[Supplied entries]

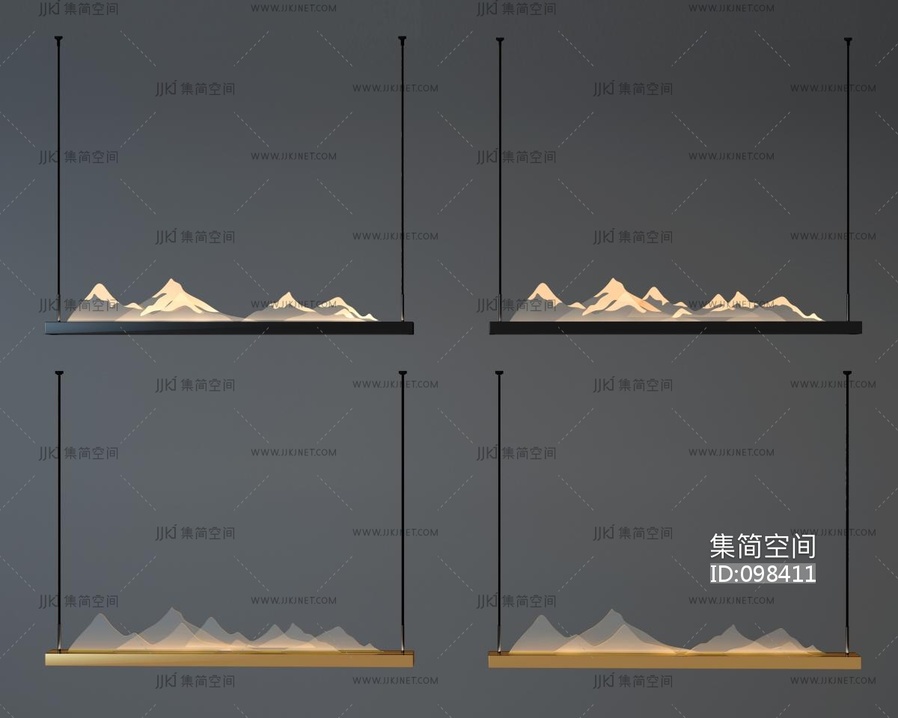 新中式山峦,山脉装饰吊灯 3d模型下载 [模型ID:98411]
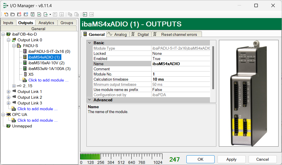 Most of the basic settings apply to the input and output module. The Calculation timebase and Minimum output timebase settings are only available for the output module.
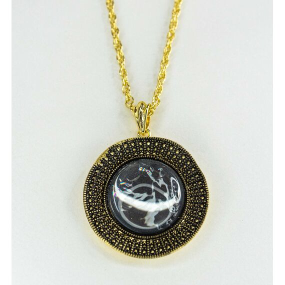 Подвеска (колье) из гипоаллергенного ювелирного сплава желтого и черного цвета. Вставка- улексит (кошачий глаз) , цвет- серый. Высота подвески-4,0см, ширина-3,5см. Длина кордовой цепи-55,0+5см. Замок- карабин.
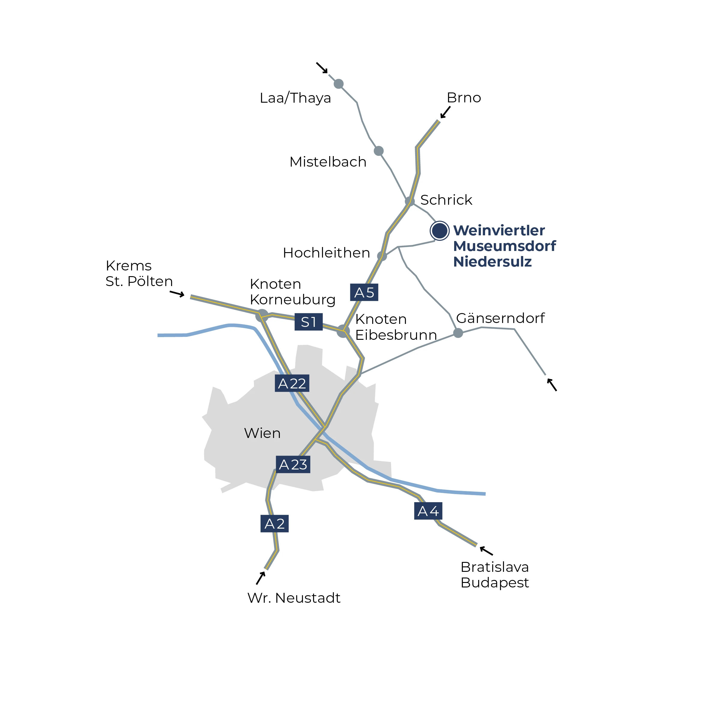 Fahren Sie über die Nordautobahn A5 bis zur Abfahrt Schrick und folgen Sie den Wegweisern (braune Kulturwegweiser), die Sie an jeder Kreuzung finden, bis zum Weinviertler Museumsdorf Niedersulz.
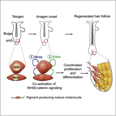 Coordinated Activation of Wnt in Epithelial and Melanocyte Stem Cells Initiates Pigmented Hair Regeneration
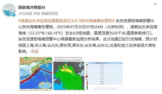 【#自然资源部发布海啸黄色警报#】#俄强震或对我国沿岸造成灾害性影响#自然资源
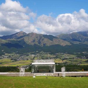 おはようございます〜♬ 今日も朝から良いお天気です☀️ 熊本野外劇場 アスペクタ 最大5万人を収容する広大な劇場 春には6700本の桜が楽しめます🌸🌸 阿蘇の山と桜の花は綺麗です🌸🌿 昨日はリハーサルが行われてました 舞台中央に人が一人🕴 わかるかなぁ〜 (๑ˇ∀︎ˇ๑)″°∮︎*.♪︎
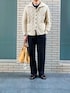 2025.11.14 ハイゲージ、ローゲージ、フランネル。いろいろウール素材の組み合わせ。 四枚目はいつの間にか和室の一角に出来上がっていた次女のオタコレクション。いろいろちいかわ組み合わせ。 Beret:ANATOMICA Cardigan:INVERALLAN Knit:DRUMOHR Trousers:Tangent Shoes:Alden Eyewear:10eyevan Jewelry:No Brand、Tuareg Watch:Rolex Bag:BUTTERO
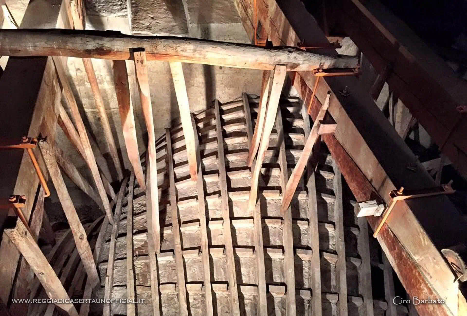 Initially it should have had the same width as the other ramps and also two lateral balustrades, but Vanvitelli decided to widen it and remove the balustrades to increase its monumentality. In fact, the steps are formed by a single 8m wide slab, so that there are no joints to distract our attention.

[/Supplied entries]

◆ Your task
The records above need to be copied exactly, with the pictures left out.

◆ Answer
 新中式山峦,山脉装饰吊灯 3d模型下载 [模型ID:98411]
 Most of the basic settings apply to the input and output module. The Calculation timebase and Minimum output timebase settings are only available for the output module.
 Подвеска (колье) из гипоаллергенного ювелирного сплава желтого и черного цвета. Вставка- улексит (кошачий глаз) , цвет- серый. Высота подвески-4,0см, ширина-3,5см. Длина кордовой цепи-55,0+5см. Замок- карабин.
 Fahren Sie über die Nordautobahn A5 bis zur Abfahrt Schrick und folgen Sie den Wegweisern (braune Kulturwegweiser), die Sie an jeder Kreuzung finden, bis zum Weinviertler Museumsdorf Niedersulz.
 Coordinated Activation of Wnt in Epithelial and Melanocyte Stem Cells Initiates Pigmented Hair Regeneration
 【#自然资源部发布海啸黄色警报#】#俄强震或对我国沿岸造成灾害性影响#自然资源
 おはようございます〜♬ 今日も朝から良いお天気です☀️ 熊本野外劇場 アスペクタ 最大5万人を収容する広大な劇場 春には6700本の桜が楽しめます🌸🌸 阿蘇の山と桜の花は綺麗です🌸🌿 昨日はリハーサルが行われてました 舞台中央に人が一人🕴 わかるかなぁ〜 (๑ˇ∀︎ˇ๑)″°∮︎*.♪︎
 2025.11.14 ハイゲージ、ローゲージ、フランネル。いろいろウール素材の組み合わせ。 四枚目はいつの間にか和室の一角に出来上がっていた次女のオタコレクション。いろいろちいかわ組み合わせ。 Beret:ANATOMICA Cardigan:INVERALLAN Knit:DRUMOHR Trousers:Tangent Shoes:Alden Eyewear:10eyevan Jewelry:No Brand、Tuareg Watch:Rolex Bag:BUTTERO
 Initially it should have had the same width as the other ramps and also two lateral balustrades, but Vanvitelli decided to widen it and remove the balustrades to increase its monumentality. In fact, the steps are formed by a single 8m wide slab, so that there are no joints to distract our attention.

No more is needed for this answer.